Anyway, from there it was pretty good. But I have to say that I loved quitting my job in the end. I even emailed RMS and said, "I now understand what you meant when you wrote, 'Not everybody needs to be a professional programmer'". Because you really, really don't. When I was teaching, I wrote so much more code for myself than I ever did when I was a programmer. If you really want to be a programmer -- a free programmer, then write free software. You can be a landscaper, school teacher, electrician or even a waiter and write free software. That's what freedom means.

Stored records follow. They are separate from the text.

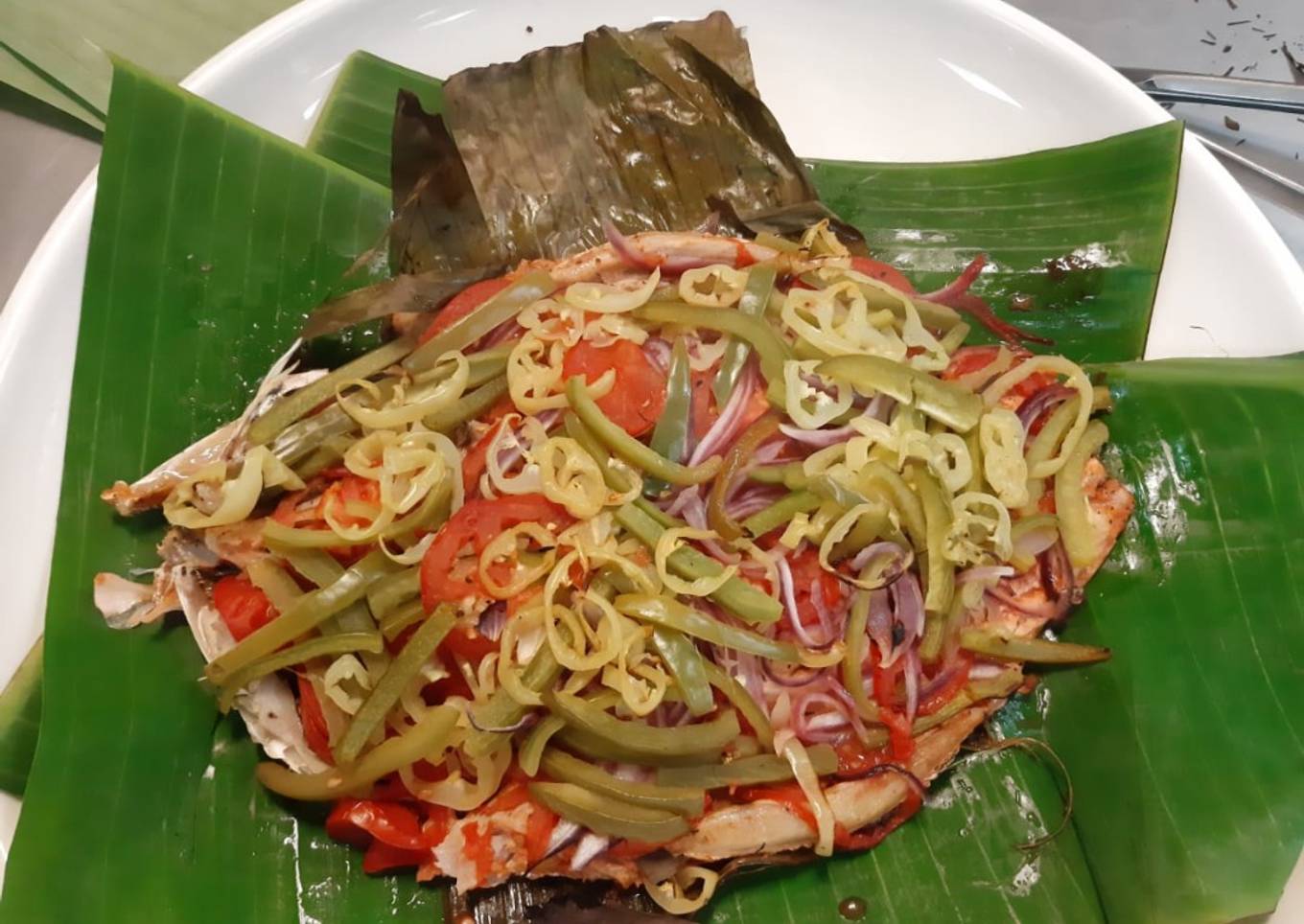 - Cubrir con los vegetales y envolver en hoja de plátano, reposar en frío durante 30 minutos.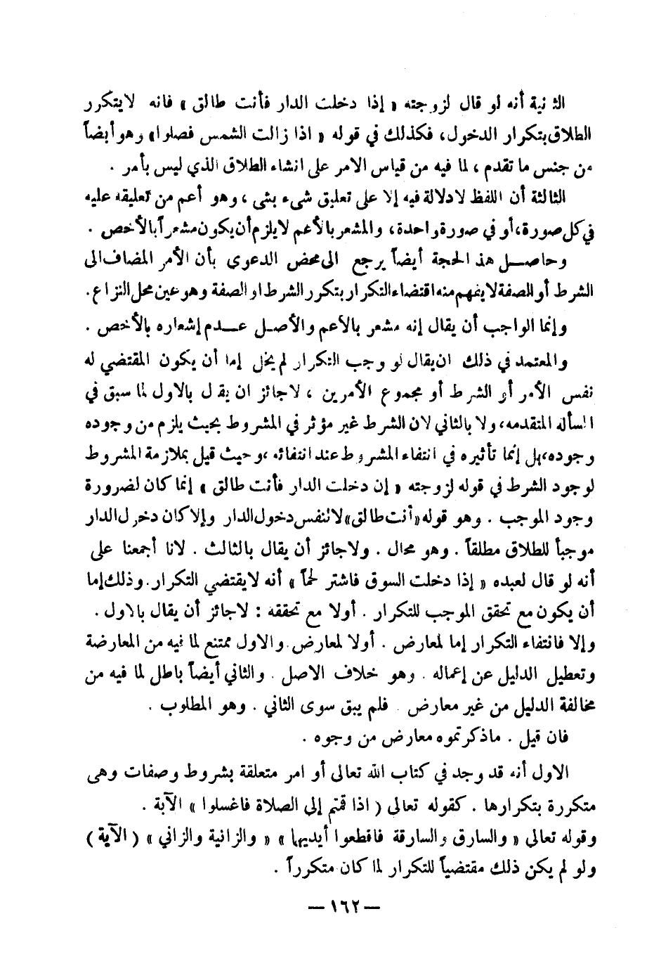 الْأَوَّلُ: أَنَّهُ قَدْ وُجِدَ فِي كِتَابِ اللَّهِ تَعَالَى أَوَامِرُ مُتَعَلِّقَةٌ بِشُرُوطٍ وَصِفَاتٍ وَهِيَ مُتَكَرِّرَةٌ بِتَكَرُّرِهَا، كَقَوْلِهِ تَعَالَى: {إِذَا قُمْتُمْ إِلَى الصَّلَاةِ فَاغْسِلُوا} الْآيَةُ، وَقَوْلُهُ تَعَالَى: {وَالسَّارِقُ وَالسَّارِقَةُ فَاقْطَعُوا أَيْدِيَهُمَا} {الزَّانِيَةُ وَالزَّانِي} الْآيَةُ، وَلَوْ لَمْ يَكُنْ ذَلِكَ مُقْتَضِيًا لِلتَّكْرَارِ لَمَا كَانَ مُتَكَرِّرًا.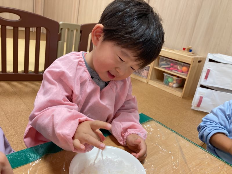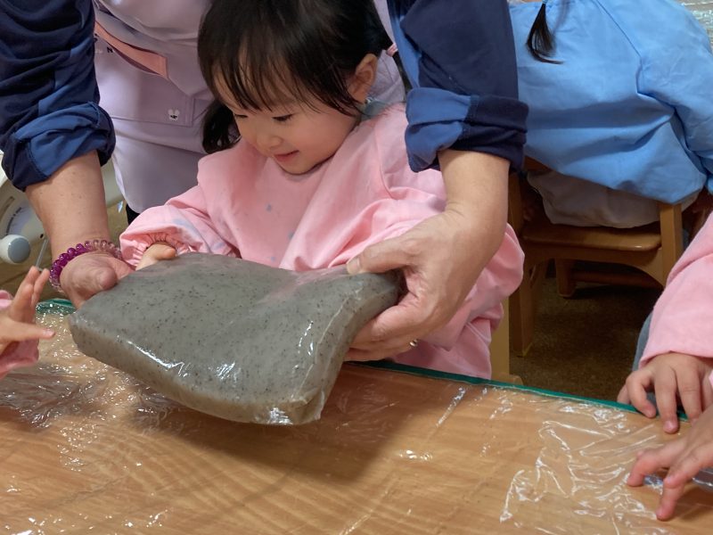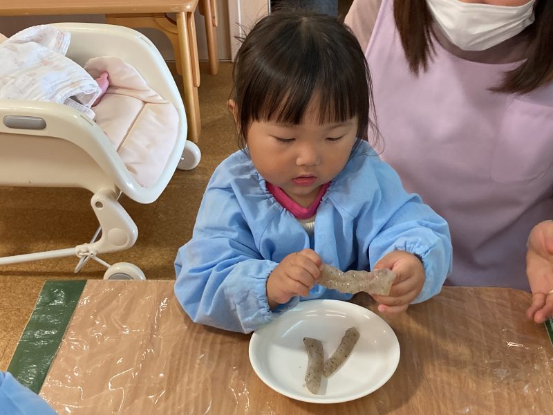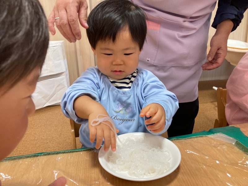 コンニャクと白滝の感触を楽しんだ子どもたちです♪

Being a programmer is a job. It's a good job (kinda boring and you have to get good at those interpersonal skills, but at least you aren't hauling nuclear waste around). You don't have to do it, though. You can do any job. All jobs suck in different ways and are good in different ways. But you have a choice. You have freedom and that's a massive blessing.

These days I wonder about staying in this field. I like my boss quite a lot (amazing guy). I like my colleagues quite a lot. I like my work... kinda... I'd rather be doing my own thing, but it's still kind of fun. I like my situation. I don't get paid anywhere near what I would in the SV or the like, but it's still multiples of working as an assistant language teacher. I'm still not sure, though. Who knows what the future will bring.